Позади господского дома был фруктовый сад, а за ним – senzalas[11] с низкой крышей; раньше в них жили рабы, а теперь – слуги. Из всей прислуги только нам с Неной позволялось ночевать в господском доме, мы были на особом положении. На Нене этот особый статус сказывался не так, как на мне. Я была Ослица – ниже нижнего в строгой иерархии господского дома, – и горничные и лакеи не упускали случая напомнить мне об этом. Они колотили меня, щипали за шею, бранились и плевали в меня. Они лупили меня деревянными ложками и натирали вход на половину прислуги салом, чтобы я поскользнулась и упала. Они запирали меня в вонючем отхожем месте, и мне приходилось вышибать дверь. Нена знала об этих выходках, но не пресекала их.

– Кухня есть кухня, – говорила она. – Хорошо еще, что парни не лезут тебе под юбку. Хотя скоро начнут. Поэтому учись защищаться уже сейчас.

Снова и снова она наставляла меня:

Старайся не поднимать головы.

Старайся не попадаться на глаза.

Старайся всем быть полезной.

Если я бывала невнимательна к ее наставлениям, она била меня деревянной ложкой, стегала старым кожаным ремнем или просто лупила голыми руками. Побоев я боялась, но не считала их чем-то ненормальным или плохим, я просто не знала, как еще можно выражать свои чувства, не знала этого и Нена. При помощи тумаков она учила меня тому, что не могла облечь в слова, она давала мне уроки, чтобы у меня был шанс выжить. На кухне Нены было безопасно – но и только там. Я была существом без семьи и без денег. Еще один голодный рот. Хуже того, я была девочкой. Хозяева в любой момент могли вышвырнуть меня из дома в море сахарного тростника, предоставив заботиться о себе самой. А что могла предложить миру некрасивая маленькая девочка, кроме своего тела? И я научилась отчаянно защищать это тело – от конюхов, рабочих, ото всех, кто попытался бы воспользоваться им. В то же время я училась быть полезной, старательно выполнять приказы хозяев, а лучше вообще не попадаться им на глаза. Невидимая, я оставалась в безопасности.

И пока девочки вроде Грасы наряжали кукол, я училась играть совсем в другие игры. В те, где сила означала власть, а ум – выживание.

Когда мне было девять лет, мировой финансовый кризис добрался до Бразилии и сахар стал не дороже пыли. На небольших плантациях рядом с Риашу-Доси господские дома заколачивали досками, а рабочих выставляли за ворота. Завод на Риашу-Доси закрылся. Пиментелы влезли в страшные долги и уехали. Пошли слухи о продаже. Потом рабочие перебрались на другие плантации, что усугубило кризис. Поля стояли заброшенные. Винокурню заперли на замок. По одному покидали поместье горничные, посудомойки и конюхи. Вскоре остались только Нена, старый Эуклидиш и я.

– Они вернутся, – говорила Нена о Пиментелах. – Кто же бросает землю? Вернутся и увидят, кто остался им верен, а кто сбежал.

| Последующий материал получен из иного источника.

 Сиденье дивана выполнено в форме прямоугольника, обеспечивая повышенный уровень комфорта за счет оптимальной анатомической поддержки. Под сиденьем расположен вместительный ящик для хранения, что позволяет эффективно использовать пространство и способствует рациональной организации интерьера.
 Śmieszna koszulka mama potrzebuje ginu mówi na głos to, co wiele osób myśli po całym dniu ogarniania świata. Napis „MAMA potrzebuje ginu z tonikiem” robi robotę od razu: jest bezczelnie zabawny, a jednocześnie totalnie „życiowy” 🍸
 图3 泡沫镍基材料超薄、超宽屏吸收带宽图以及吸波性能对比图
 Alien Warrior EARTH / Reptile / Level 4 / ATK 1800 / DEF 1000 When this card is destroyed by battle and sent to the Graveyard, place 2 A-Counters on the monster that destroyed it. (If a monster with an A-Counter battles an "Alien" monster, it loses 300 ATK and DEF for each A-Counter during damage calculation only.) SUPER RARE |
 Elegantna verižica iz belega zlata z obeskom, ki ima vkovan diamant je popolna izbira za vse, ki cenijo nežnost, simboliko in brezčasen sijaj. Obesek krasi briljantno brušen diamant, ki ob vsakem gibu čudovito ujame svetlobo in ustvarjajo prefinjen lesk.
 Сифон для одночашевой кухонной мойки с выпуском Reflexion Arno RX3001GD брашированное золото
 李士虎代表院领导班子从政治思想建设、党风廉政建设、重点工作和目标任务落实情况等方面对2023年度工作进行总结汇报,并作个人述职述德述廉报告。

Неной руководили верность и страх. Она и старый Эуклидиш родились в Риашу-Доси еще до отмены рабства в Бразилии, в 1888 году, и после освобождения остались на плантации. Когда рабочие и прислуга разбежались, Эуклидиш присматривал за плодовыми деревьями, следил, чтобы не воровали животных из конюшен и фрукты из сада. Нена не позволила бы своим медным кастрюлям и железным сковородам попасть в руки мародеров или кредиторов и спрятала все ценное. Фарфоровые сервизы, серебряные блюда и супницы, столовые приборы чистого золота и перламутровая чаша нашли надежное укрытие под половицами господского дома. Ели мы то, что осталось в кладовой. Так как хозяева уехали, жалованье нам больше никто не платил, и мы постепенно привыкли выменивать нужное на рынке. Яйца – на муку, карамболу из сада – на солонину, мелассу – на бобы. Времена были скудные, но беспечальные. Для меня.

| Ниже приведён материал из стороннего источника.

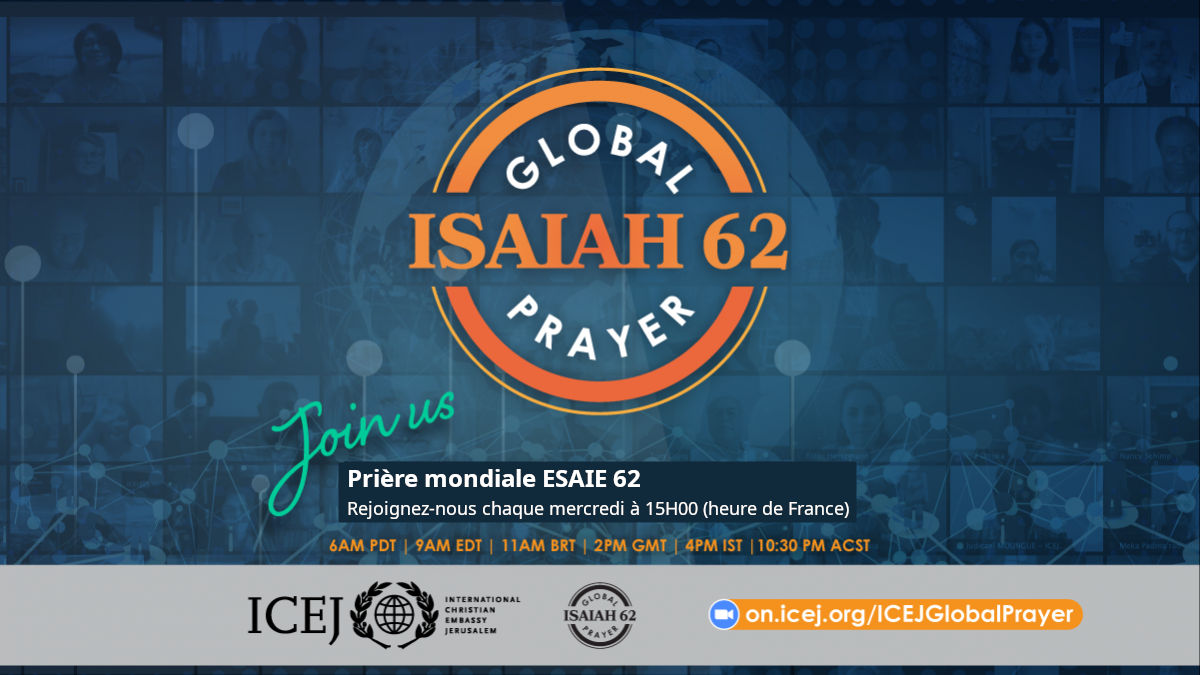 Au cours des derniers mois, des milliers d'intercesseurs du monde entier se sont joints à notre Rassemblement Mondial de Prière Esaïe 62 hebdomadaire en ligne sur Zoom. Ces moments de prières communs ont été une véritable source de force et d'encouragement pour nous à l'ICEJ pendant ces jours difficiles, et beaucoup de personnes nous ont dit la même chose.
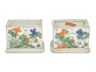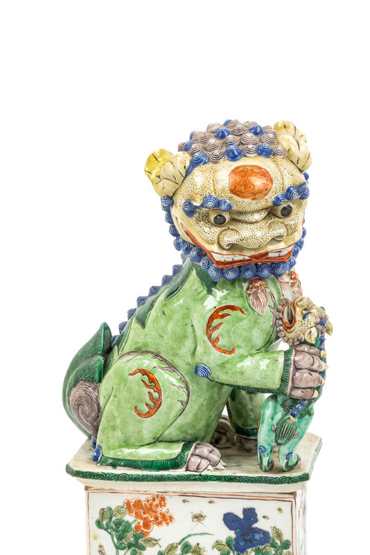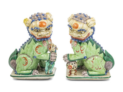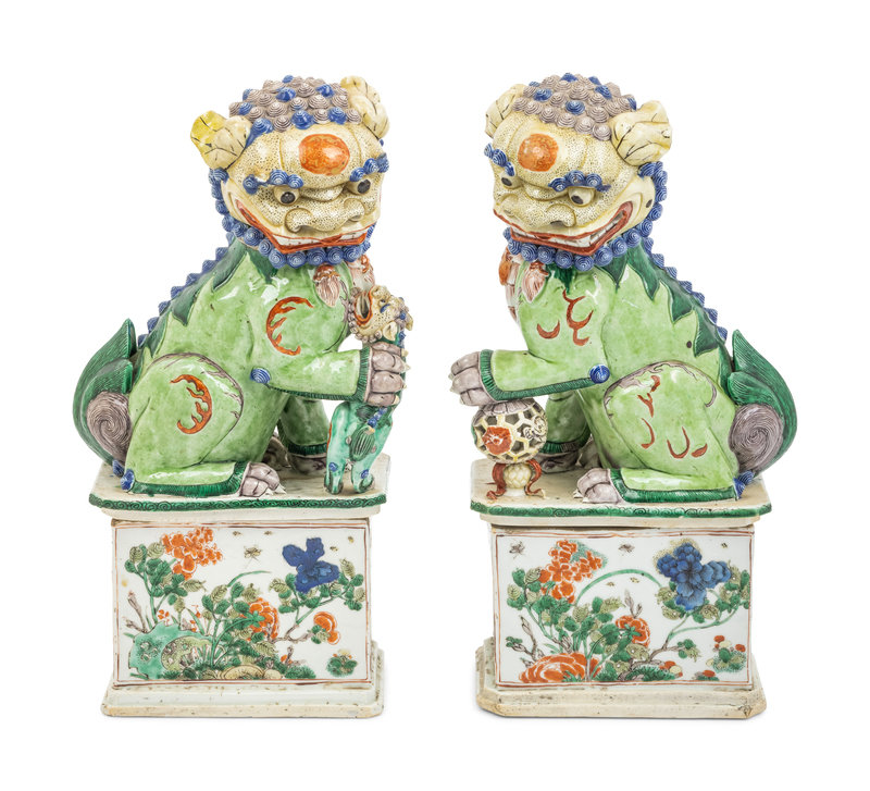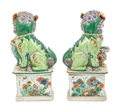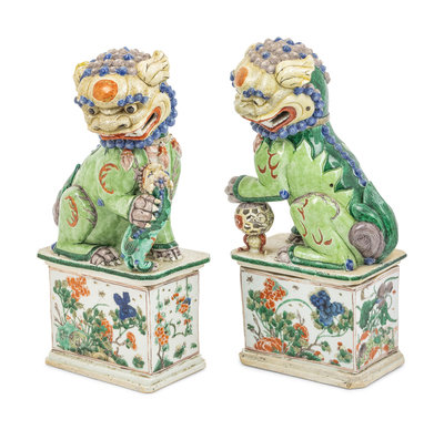 A Pair of Famille Verte Porcelain Figures of Fu Lions

Долгие месяцы господский дом стоял пустым, я проводила в нем целые дни. Прыгала по плитам каменного пола. Запускала руки под чехлы на мебели, и пальцы ощупывали холодную гладкость мрамора, покатости изогнутых ножек, позолоченные рамы зеркал. Я снимала с полок книги и широко раскрывала их, чтобы услышать тихий треск переплета. Я гордо спускалась по широкой деревянной лестнице – как, по моим представлениям, положено спускаться хозяйке дома. Впервые за всю мою девятилетнюю жизнь у меня появилась такая роскошь, как время и свобода, – я могла исследовать мир, воображать себя кем угодно, играть без боязни, что меня ударят или выругают, я жила, не тревожась, что меня могут вышвырнуть из Риашу-Доси за малейшую провинность. Мне словно разрешили быть ребенком, и я уже начинала верить, что останусь свободной навсегда. Как же я ошибалась.

Однажды я сидела в библиотеке, пытаясь расшифровать загадочные знаки в одной из пиментеловских книг, как вдруг с улицы донесся ужасный рев. Будто у ворот господского дома зарычала собака-великанша. Я кинулась к Нене, та уже открывала двери.

У главных ворот ревел автомобиль. Старый Эуклидиш, ставший вдруг шустрым, как щенок, кинулся открывать ворота. Машина остановилась, и с водительского места выбрался какой-то мужчина. На нем были шляпа и длинное полотняное пальто. Он открыл пассажирскую дверцу, затем заднюю. Из машины вышли две женщины: бледная дама, тоже в пальто для езды в автомобиле, а другая – в полосатом платье и кружевной наколке горничной. Служанка сделала попытку схватить что-то, лежавшее на заднем сиденье. Из машины донеслись шипение и хриплый визг. Мне показалось, что в машине какое-то животное – кошка или, может, опоссум, – но тут я увидела, что руки служанки вцепились в две маленькие ноги в кожаных туфельках. Женщина сунулась поглубже в машину. Визг, ворчание, водоворот белых нижних юбок и, наконец, вскрик. Горничная отскочила от машины, на глазах у нее были слезы, пальцы ощупывали свежую царапину на щеке.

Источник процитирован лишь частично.